Start of Records shown
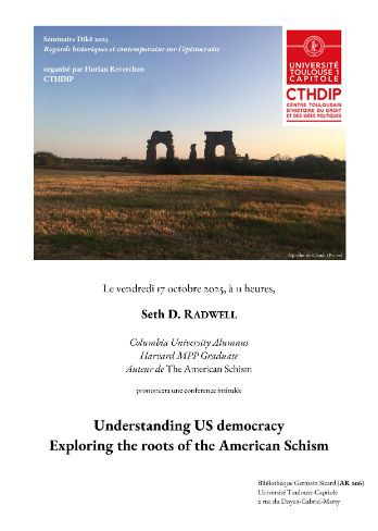 Seth Radwell propose, depuis l’époque des Pères fondateurs jusqu’à nos jours, une analyse historique de la situation politique américaine actuelle, partagée entre deux tendances semblant irréconciliables. Il en fait remonter l’origine aux contradictions inhérentes à l’influence conjuguée des Lumières modérées et des Lumières radicales outre-Atlantique. Seth Radwell nous fera profiter de son excellente connaissance des milieux politiques américains, mais aussi de la France, pour éclairer les évolutions actuelles du débat politique aux États-Unis.
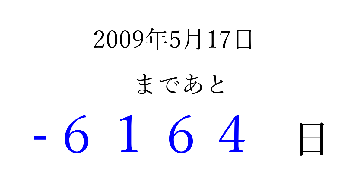 2009年5月17日(日)は もう 0000 日過ぎました 追加すると、トップページからすぐ選べるようになります ※2026/04/02現在の結果です。 最新の状態に更新する ↓シェアして、タイムライン上にカウントダウンを表示しよう!↓ 📤 この結果を共有する Tweet シェア Threads Bluesky 別の日付でカウントダウン 2009年5月のカレンダー このページをブックマークに追加すると、いつでもカウントダウンを確認できます。 (PC: Ctrl+D / Mac: ⌘+D) hitome-notes.comでは以下のページも運営しています。 指定日と期間から日付を計算 | ガチャ確率計算・シミュレーション | プライバシー・ポリシー 運営者:Avocado
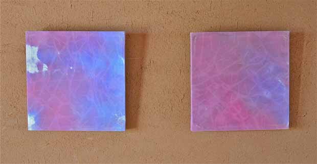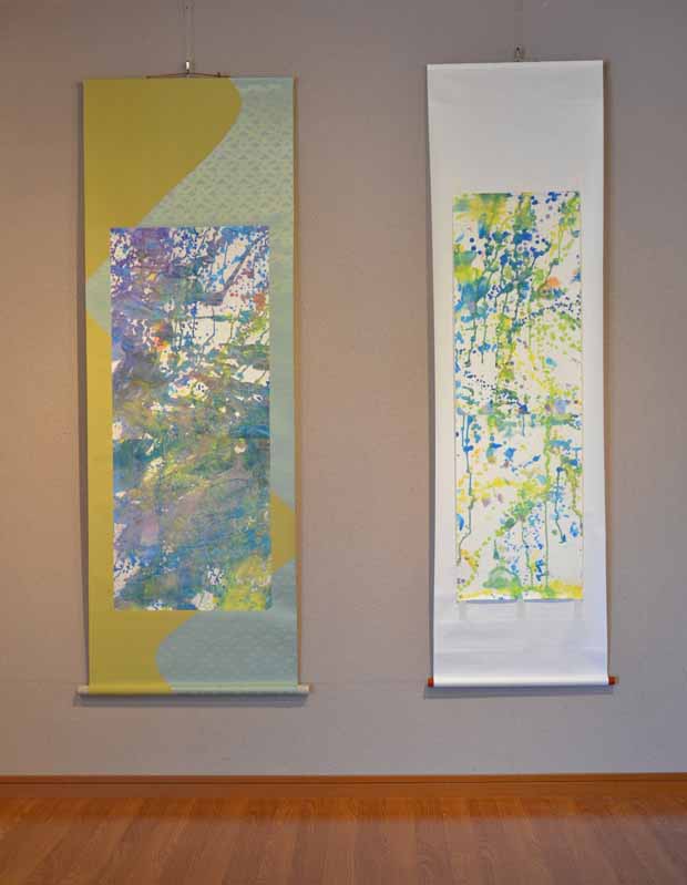 この4枚の絵画も、天地などの位置を、空間に合わせて組み替えることができます。 また透過性/不透過性の素材で描かれているため、光の状態で作品の見え方も変化します。
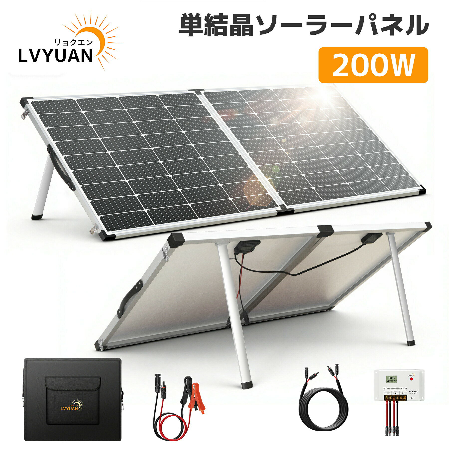 【Super SALE限定20,398円 12/4 20:00~】【ポータブル電源・12Vバッテリー充電対応】LVYUAN 200W 単結晶 ソーラーパネルセット 折りたたみ式 20Aソーラーチャージャー 太陽光パネル 太陽光チャージ 高変換効率 22.5% 車中泊・キャンプ・災害対策
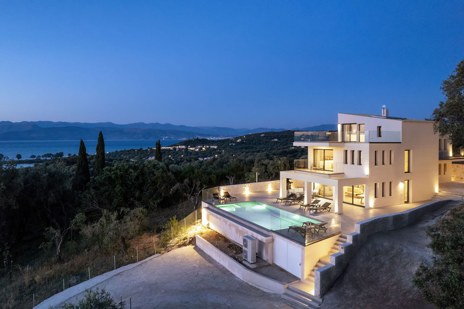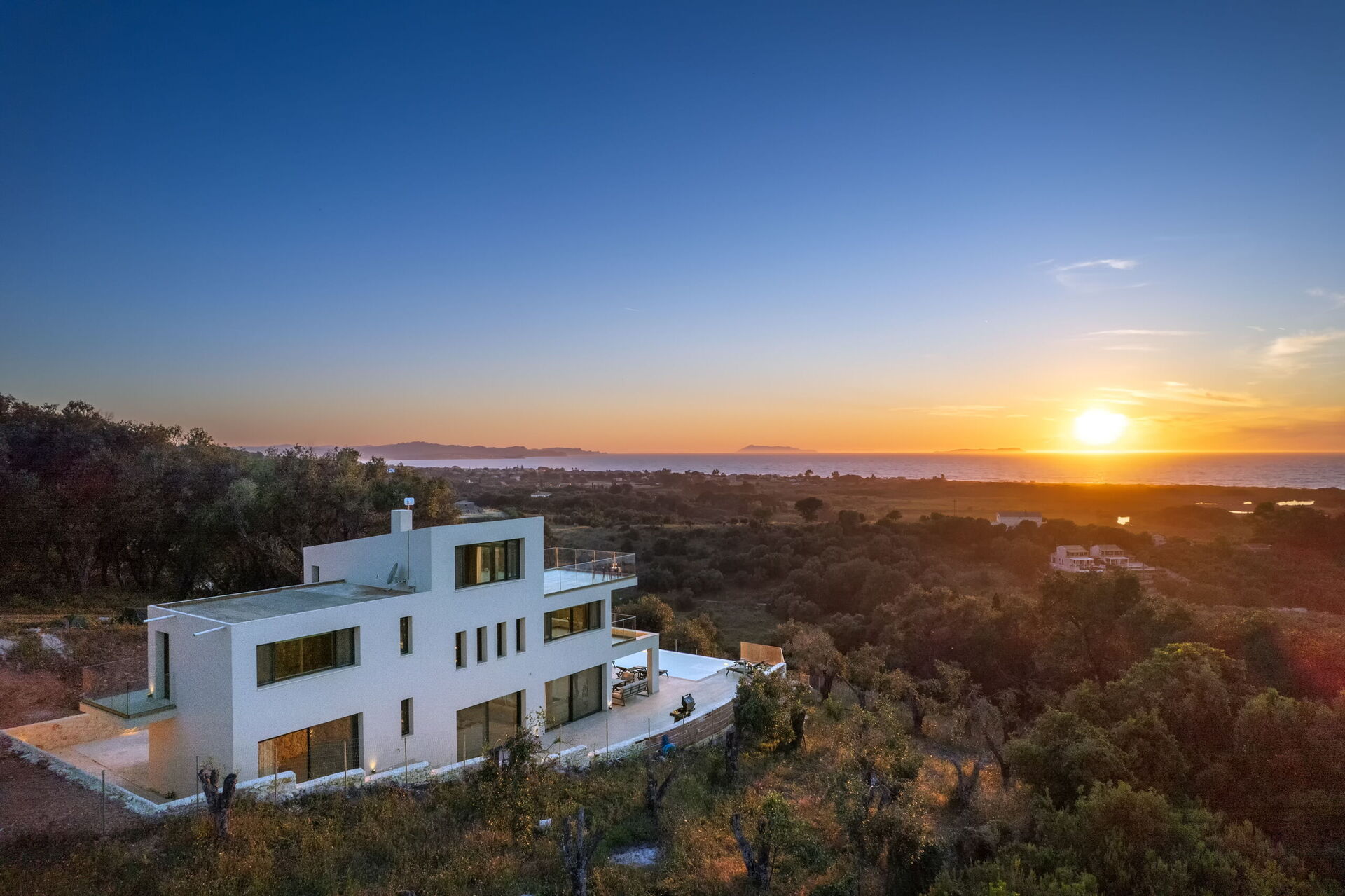 Construction was completed in March 2025, revealing one of the most beautiful modern villas on the northern coast of Corfu: its boasts fantastic views of the sea and sunset. Admire the beautiful countryside from the villa terraces and the scenic pool. Take advantage of all of the villa’s ultra modern amenities.
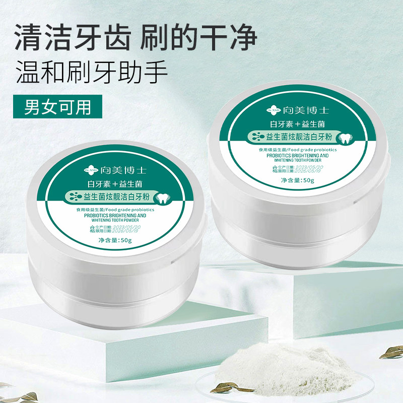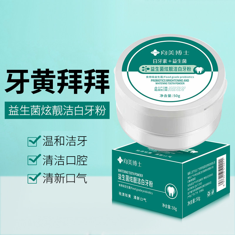 天猫向美博士益生菌牙粉去黄去口臭美白清洁污垢牙齿黄牙
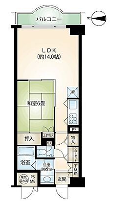 約14.0帖のLDKです。寛いだり、お食事などを楽しんで頂ける空間となります。
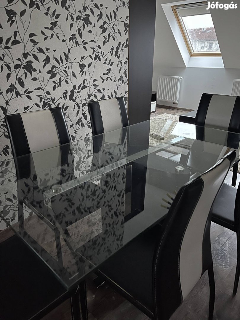 6 személyes üveglapos étkező asztal 100 cm széles és 6 db műbőr bevonású szék jó állapotban eladó .
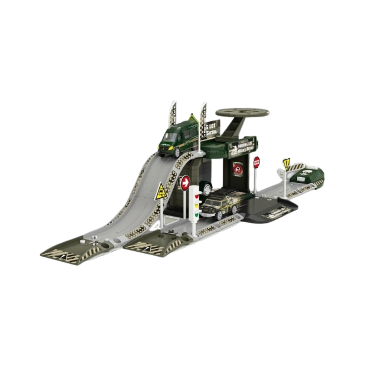 Prepárate para la acción con nuestro Estacionamiento Militar Para Armar. Este divertido Playset incluye un vehículo y un estacionamiento armable.
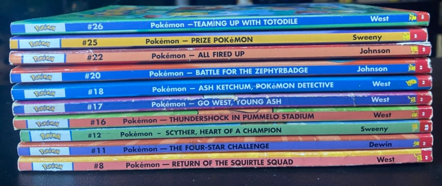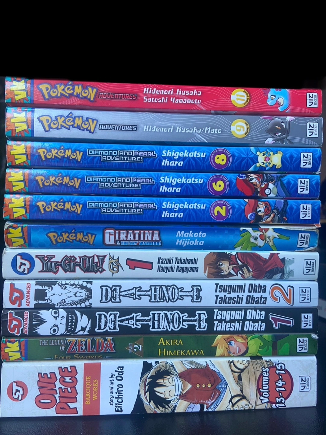 Collection of graphic novels and books. Includes Pokémon, Yu-Gi-Oh!, Dragonball, One Piece, The Hobbit, Jack's Run, Romeo and Juliet, and Hamlet.
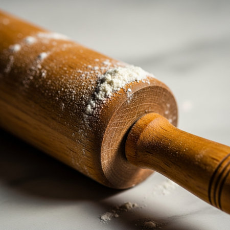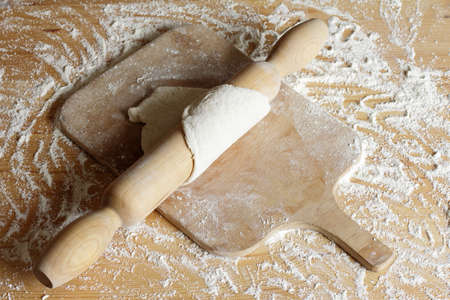 Close-up low angle view of an old-fashioned wooden rolling pin on rolled out dough or pastry resting at an oblique angle with the handle towards the camera and shallow dof
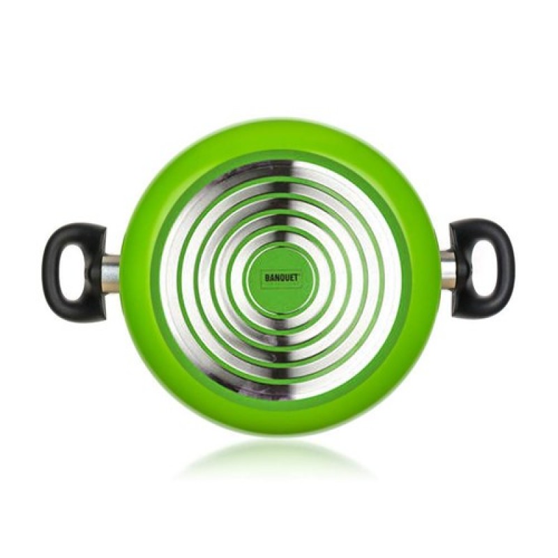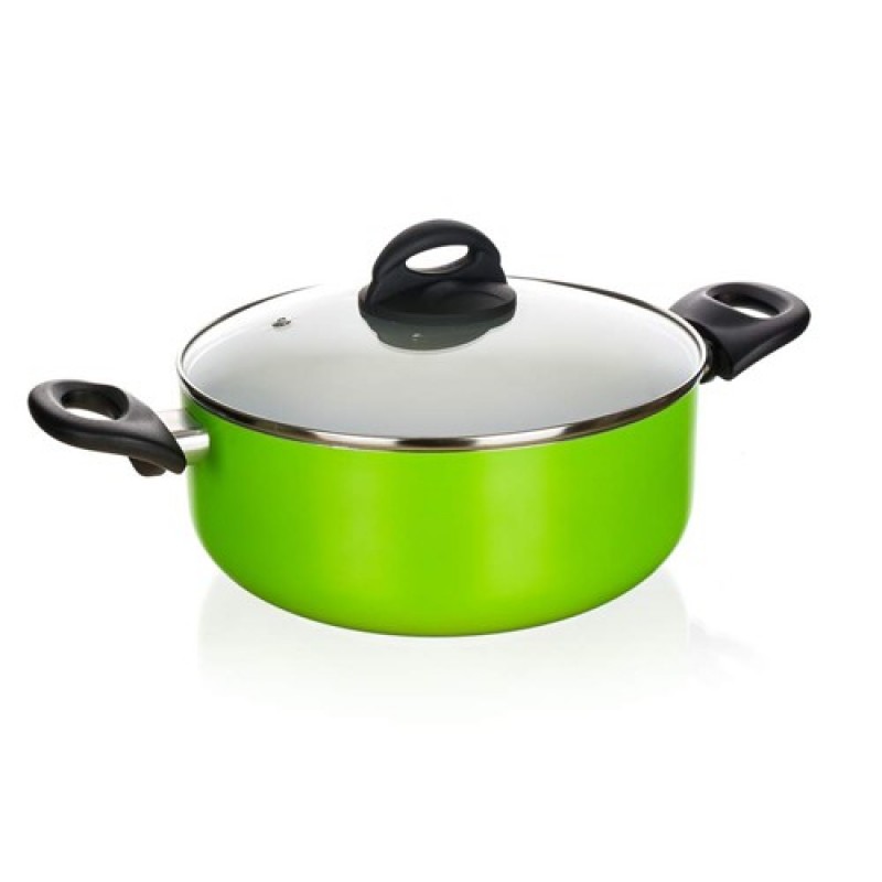 Hliníkový kastrol 20 x 9 cm Natura Ceramia Green s vnitřní keramickou povrchovou úpravou, černými bakelitovými úchyty a skleněnou poklicí s černým bakelitovým knobem. Keramický povrch je na rozdíl od jiných nepřilnavých povrchů více odolný proti poškrábání a i při používání ve vysokých teplotách je povrch trvalejší. To napomáhá snadnějšímu vaření a údržbě.K vaření používejte dřevěné nebo plastové náčiní, aby nedošlok poškrábání. Pozor: časté mytí v myčce za použití dlouhých programů a agresivních mycích prostředků může způsobit neodstranitelné změny na vnitřním i vnějším povrchu.
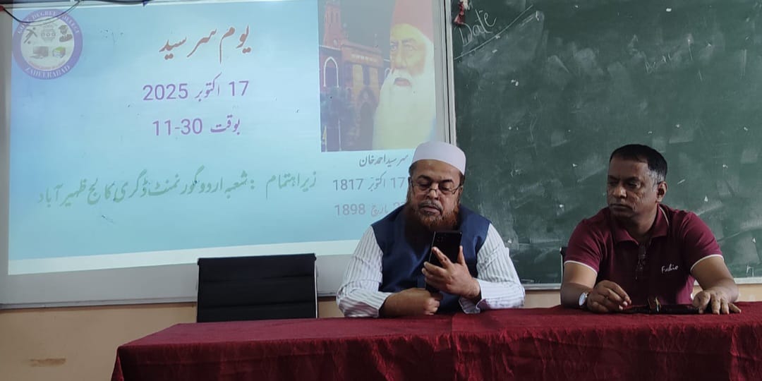 آج بھی ہندوستان میں سرسید کے افکار سے استفادے کی ضرورت ہے اور بہ حیثیت ہندوستانی قوم ہمیں تعلیم کو مشن بنا کر آگے بڑھنا ہوگا۔ نوجوان سرسید کی حیات اور ان کے افکار کا مطالعہ کریں اور موجودہ دور میں لوگوں کے جو مسائل ہیں انہیں حل کرنے کی کوشش کریں۔ ان خیالات کا اظہار پروفیسر محمد اسلم فاروقی پرنسپل گورنمنٹ ڈگری کالج ظہیر آباد نے کالج میں شعبہ اردو کے زیر اہتمام منعقدہ یوم سرسید سے خطاب کے دوران کیا۔ صدر شعبہ اردو ڈاکٹر عشرت سلطانہ نے اپنی خیر مقدمی
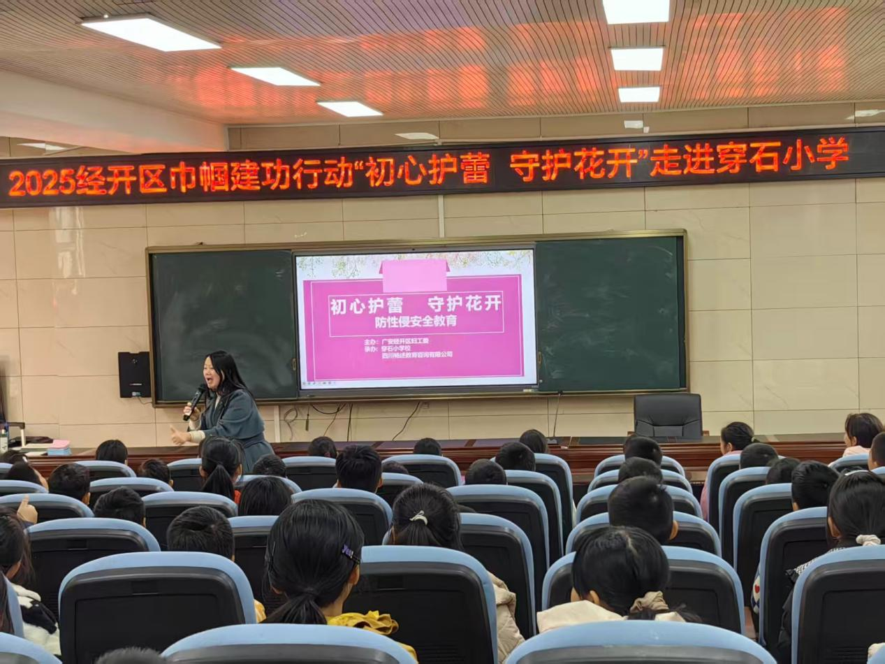 为切实加强未成年人保护工作,提升青少年自我保护意识与防范性侵害能力,11月19日,由广安经开区组织的巾帼建功行动“初心护蕾,守护花开”防性侵安全教育专题讲座走进穿石镇小学,为充满活力的青少年送上了一堂堂干货满满、温暖有力的安全必修课。
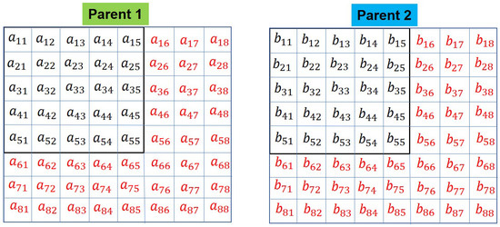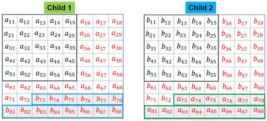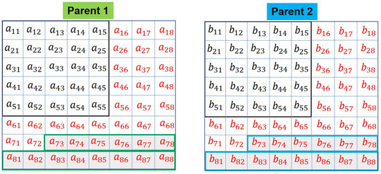According to the Algorithm 2, the random integers and are obtained as . The selected elements around the crossover point are shown in the shaded area with a green outline in Parent 1 and blue outline in Parent 2. They are shown in Figure 10.
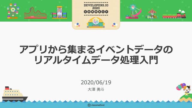 アプリから集まるイベントデータの リアルタイムデータ処理⼊⾨ 2020/06/19 ⼤澤 勇⽃
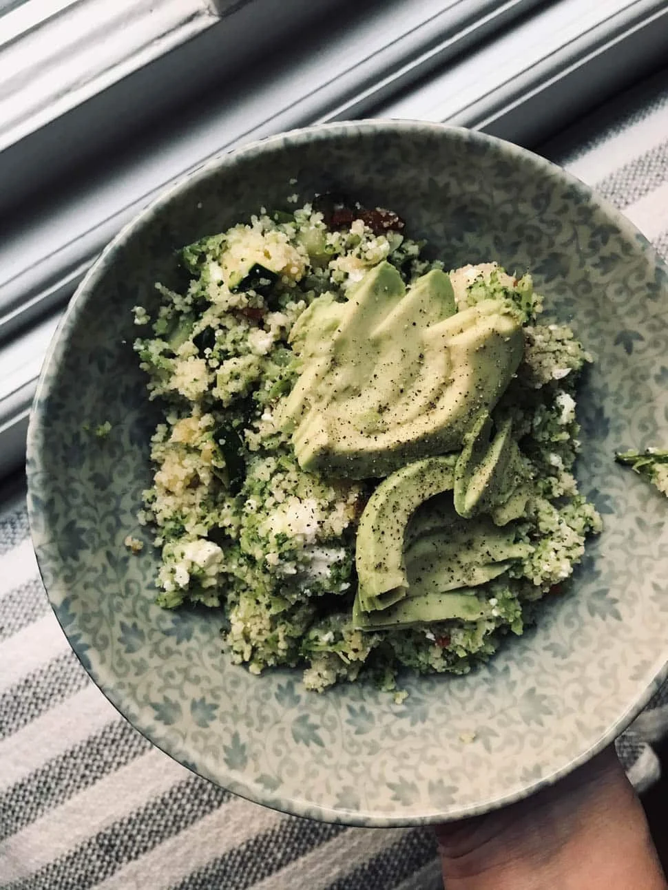 Dit gerecht lijkt misschien een beetje op dat wat we woensdag aten, maar het was compleet anders qua smaak. Het is ook een couscousgerecht maar dan op basis van broccolicouscous (die ik aanvulde met een beetje gewone couscous). En het was de bedoeling om dit te maken met halloumi, maar op de een of andere manier kon ik daar de afgelopen week niet aan komen. Het was even nergens te krijgen dus ik maakte het met witte kaas. Verder zit er in knoflook gebakken courgette in. Eigenlijk is het dit recept, maar dan iets anders omdat ik me een beetje moest aanpassen naar wat ik wel had, in plaats van niet ;-)
End of Records shown
**Work instruction:**
Every line of the listing is to be repeated exactly, and the pictures are to be dropped.

**Result:**
 Seth Radwell propose, depuis l’époque des Pères fondateurs jusqu’à nos jours, une analyse historique de la situation politique américaine actuelle, partagée entre deux tendances semblant irréconciliables. Il en fait remonter l’origine aux contradictions inhérentes à l’influence conjuguée des Lumières modérées et des Lumières radicales outre-Atlantique. Seth Radwell nous fera profiter de son excellente connaissance des milieux politiques américains, mais aussi de la France, pour éclairer les évolutions actuelles du débat politique aux États-Unis.
 2009年5月17日(日)は もう 0000 日過ぎました 追加すると、トップページからすぐ選べるようになります ※2026/04/02現在の結果です。 最新の状態に更新する ↓シェアして、タイムライン上にカウントダウンを表示しよう!↓ 📤 この結果を共有する Tweet シェア Threads Bluesky 別の日付でカウントダウン 2009年5月のカレンダー このページをブックマークに追加すると、いつでもカウントダウンを確認できます。 (PC: Ctrl+D / Mac: ⌘+D) hitome-notes.comでは以下のページも運営しています。 指定日と期間から日付を計算 | ガチャ確率計算・シミュレーション | プライバシー・ポリシー 運営者:Avocado
 この4枚の絵画も、天地などの位置を、空間に合わせて組み替えることができます。 また透過性/不透過性の素材で描かれているため、光の状態で作品の見え方も変化します。
 【Super SALE限定20,398円 12/4 20:00~】【ポータブル電源・12Vバッテリー充電対応】LVYUAN 200W 単結晶 ソーラーパネルセット 折りたたみ式 20Aソーラーチャージャー 太陽光パネル 太陽光チャージ 高変換効率 22.5% 車中泊・キャンプ・災害対策
 Construction was completed in March 2025, revealing one of the most beautiful modern villas on the northern coast of Corfu: its boasts fantastic views of the sea and sunset. Admire the beautiful countryside from the villa terraces and the scenic pool. Take advantage of all of the villa’s ultra modern amenities.
 天猫向美博士益生菌牙粉去黄去口臭美白清洁污垢牙齿黄牙
 約14.0帖のLDKです。寛いだり、お食事などを楽しんで頂ける空間となります。
 6 személyes üveglapos étkező asztal 100 cm széles és 6 db műbőr bevonású szék jó állapotban eladó .
 Prepárate para la acción con nuestro Estacionamiento Militar Para Armar. Este divertido Playset incluye un vehículo y un estacionamiento armable.
 Collection of graphic novels and books. Includes Pokémon, Yu-Gi-Oh!, Dragonball, One Piece, The Hobbit, Jack's Run, Romeo and Juliet, and Hamlet.
 Close-up low angle view of an old-fashioned wooden rolling pin on rolled out dough or pastry resting at an oblique angle with the handle towards the camera and shallow dof
 Hliníkový kastrol 20 x 9 cm Natura Ceramia Green s vnitřní keramickou povrchovou úpravou, černými bakelitovými úchyty a skleněnou poklicí s černým bakelitovým knobem. Keramický povrch je na rozdíl od jiných nepřilnavých povrchů více odolný proti poškrábání a i při používání ve vysokých teplotách je povrch trvalejší. To napomáhá snadnějšímu vaření a údržbě.K vaření používejte dřevěné nebo plastové náčiní, aby nedošlok poškrábání. Pozor: časté mytí v myčce za použití dlouhých programů a agresivních mycích prostředků může způsobit neodstranitelné změny na vnitřním i vnějším povrchu.
 آج بھی ہندوستان میں سرسید کے افکار سے استفادے کی ضرورت ہے اور بہ حیثیت ہندوستانی قوم ہمیں تعلیم کو مشن بنا کر آگے بڑھنا ہوگا۔ نوجوان سرسید کی حیات اور ان کے افکار کا مطالعہ کریں اور موجودہ دور میں لوگوں کے جو مسائل ہیں انہیں حل کرنے کی کوشش کریں۔ ان خیالات کا اظہار پروفیسر محمد اسلم فاروقی پرنسپل گورنمنٹ ڈگری کالج ظہیر آباد نے کالج میں شعبہ اردو کے زیر اہتمام منعقدہ یوم سرسید سے خطاب کے دوران کیا۔ صدر شعبہ اردو ڈاکٹر عشرت سلطانہ نے اپنی خیر مقدمی
 为切实加强未成年人保护工作,提升青少年自我保护意识与防范性侵害能力,11月19日,由广安经开区组织的巾帼建功行动“初心护蕾,守护花开”防性侵安全教育专题讲座走进穿石镇小学,为充满活力的青少年送上了一堂堂干货满满、温暖有力的安全必修课。
According to the Algorithm 2, the random integers and are obtained as . The selected elements around the crossover point are shown in the shaded area with a green outline in Parent 1 and blue outline in Parent 2. They are shown in Figure 10.
 アプリから集まるイベントデータの リアルタイムデータ処理⼊⾨ 2020/06/19 ⼤澤 勇⽃
 Dit gerecht lijkt misschien een beetje op dat wat we woensdag aten, maar het was compleet anders qua smaak. Het is ook een couscousgerecht maar dan op basis van broccolicouscous (die ik aanvulde met een beetje gewone couscous). En het was de bedoeling om dit te maken met halloumi, maar op de een of andere manier kon ik daar de afgelopen week niet aan komen. Het was even nergens te krijgen dus ik maakte het met witte kaas. Verder zit er in knoflook gebakken courgette in. Eigenlijk is het dit recept, maar dan iets anders omdat ik me een beetje moest aanpassen naar wat ik wel had, in plaats van niet ;-)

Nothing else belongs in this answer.